The official responded in like manner, pamphlet against pamphlet, a
classic example of the church showing its dirty linen to the world.
Both men were willing to let Campbell serve as arbitrator. Reading
the debate between the two brothers while afloat on the Mississippi,
his highway between ,North and South, Campbell was appalled by the
oppressive language. He conceded that Creath had been treated
harshly, especially at a time when he was nursing a dying wife (who
had fallen from a horse), but that he should never have published the
pamphlet in retaliation, but if so “in a style more consonant
to the genius and spirit of the Christian religion.” That is
the way Campbell had to write, even when rebuking folk!
Creath
tells of how he and Campbell got caught in a fierce storm while
traveling from Lexington to Nashville. With trees falling around them
they began singing:
How are thy servants bless’d, oh Lord! How sure is their defense! Eternal Wisdom is their guide; Their help Omnipotence.
They
not only survived, but did so gloriously, baptizing lots of people in
various missions in Kentucky and Tennessee. He journeyed with
Campbell now and again, including Campbell’s only tour deep
into Missouri, which in 1845 was pioneer country. Even so the
Movement had 196 churches reporting to the state meeting, and T. M.
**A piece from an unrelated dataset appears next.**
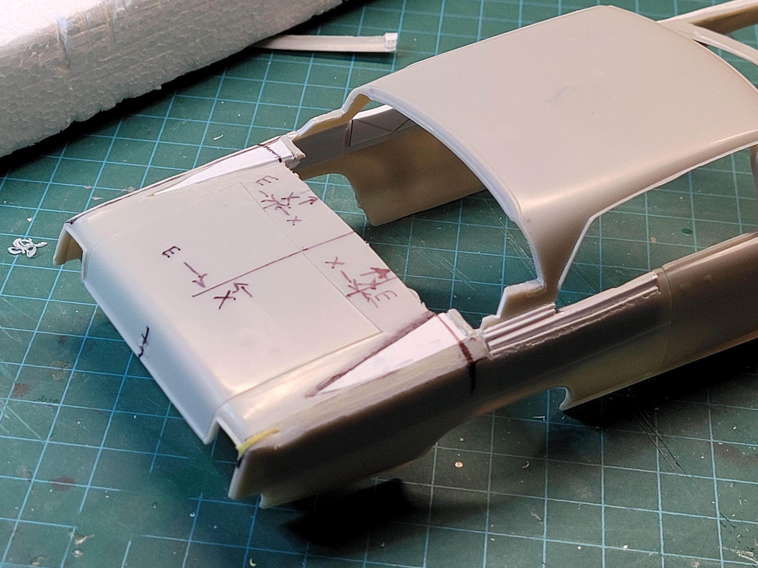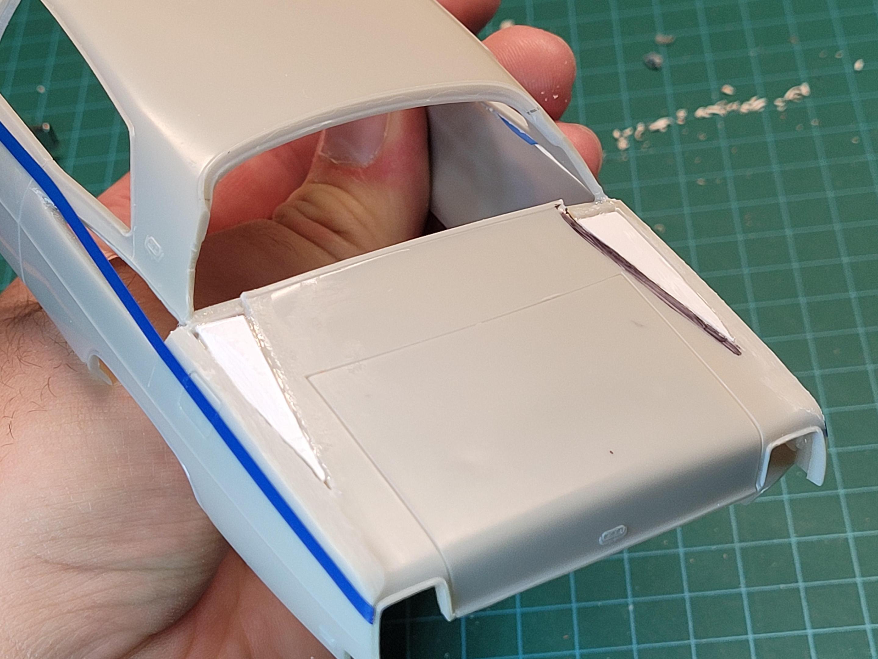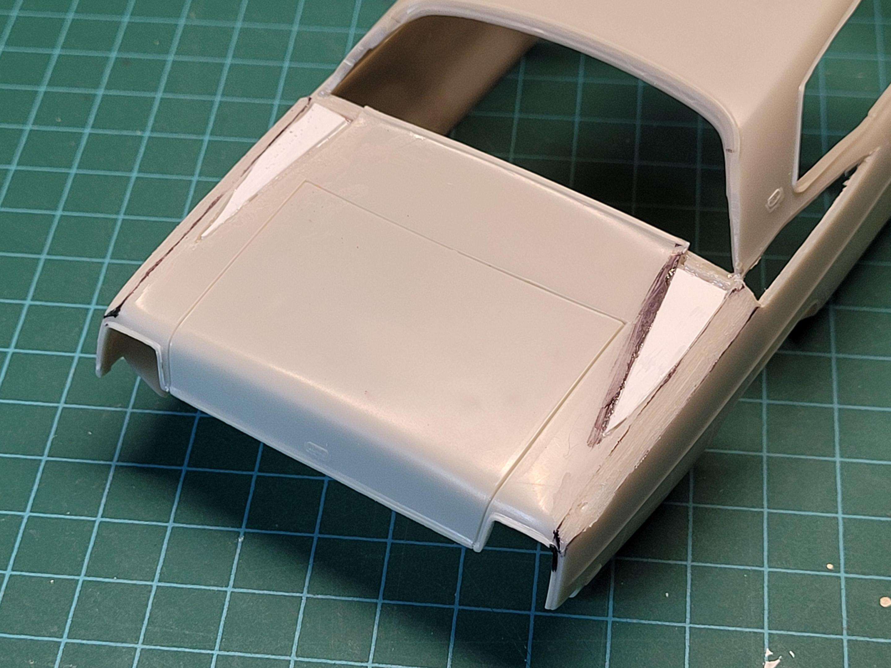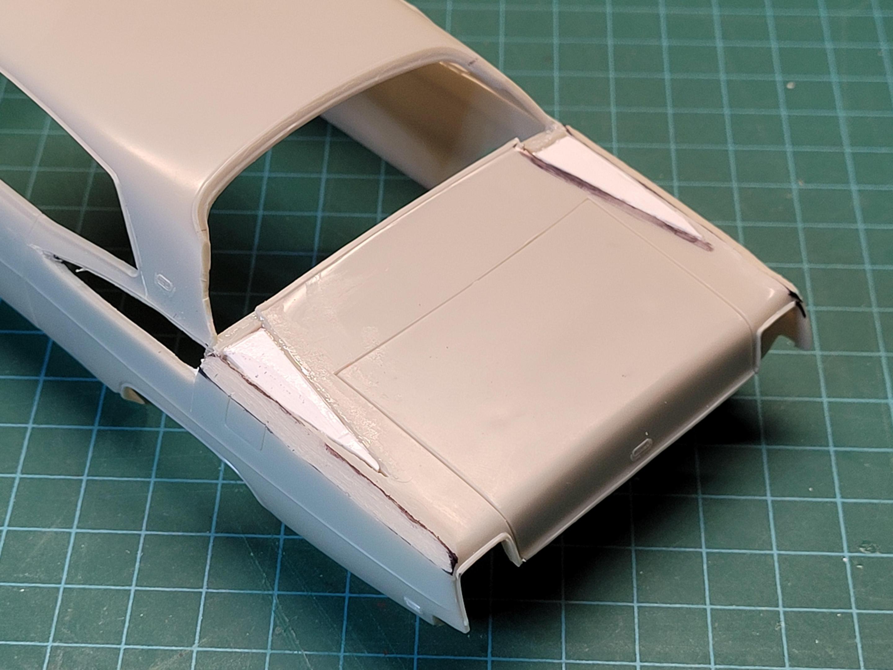 Here's some work from September 11th. That day consisted of extending the rear side windows back, building a new B-pillar, and adding more material to the bottom of the decklid in preparation for carving out the new shape. I also made an attempt at expanding the front wheel arches with a Dremel tool.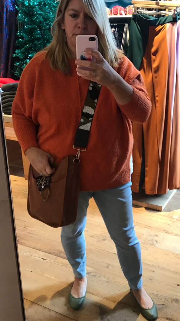 Saturday errands and shopping – Tieks, jeans, consignment sweater from Loft Lou & Grey line.

Allen wrote to the Millennial Harbinger (Vol. 16, p. 569) that
Missouri had 15,000 members. He tells how 4,000 heard Campbell in
Columbia, with 1,000 breaking bread together. Both Creath and Allen
tell how Campbell often spoke in Methodist and Presbyterian buildings
and how he was frequently the guest of leading clergymen.
Creath
tells of seeing Campbell for the last time in Memphis when the
reformer had passed his threescore and ten. But there was another
distinguished visitor in town at that time, Prof. O. S. Fowler, a New
York phrenologist. While this science of determining character by the
shape and protuberances of the skull is now in disrepute, it was then
more than a fad, believed in by the small and great alike in that
day, including Campbell. Fowler read the skulls of both Creath and
Campbell, the latter being persuaded by Mrs. Campbell, who wanted it
for posterity. Both readings were said to be amazingly accurate,
especially coming from a total stranger. But each had its amusing
side.
What the
phrenologist said of Creath could be said of many a man: he was a
ladies’ man who almost worshiped the opposite sex; he was
thoroughly sexed and preeminently manly. Campbell’s reading
somehow fell into the hands of one of his adversaries, Dr. John
Thomas, a heretic within the Movement, who summarized it: he is
stubborn as a mule; personal ambition placed him head of a sect, and
his conscience was not strong enough to counter his ambition. But the
actual reading was ambivalent enough (like modern horoscopes?) that
one could read it either way. Mrs. Campbell seemed to be pleased, and
she might have teased her husband over the line that described him as
having “great argumentative powers and a strong appetite”!
The point that impressed me was the judgment that Campbell had
indefatigable energy and was never sick. It is true that he never
went to bed sick except to die. Reading back into that age one gets
the impression that they had a lot of fun out of phrenology.
Jacob
Creath, Jr. (Jacob Creath, Sr. was his uncle, not his father) stands
tall in our history as a pioneer who planted many churches,
especially in Missouri where the cause grew strong. He started our
first church in St. Louis, and everywhere he went Disciples
multiplied. When he first visited Shelby County, Mo., for example,
there were but nine of our people. When he left there were 200. He
went to Monticello, Mo. when we had no church, but he soon had a
large congregation which ultimately produced three other
congregations. He claimed to be the first to preach the primitive
gospel in Minnesota. A meeting in Monmouth, Illinois, when 75 were
baptized, had a telling moral impact on the town. His was obviously
an age far different from our own.
Beside
Campbell, he labored beside the renowned preachers of our early
history: Raccoon John Smith, John T. Johnson, Barton W. Stone, T. M.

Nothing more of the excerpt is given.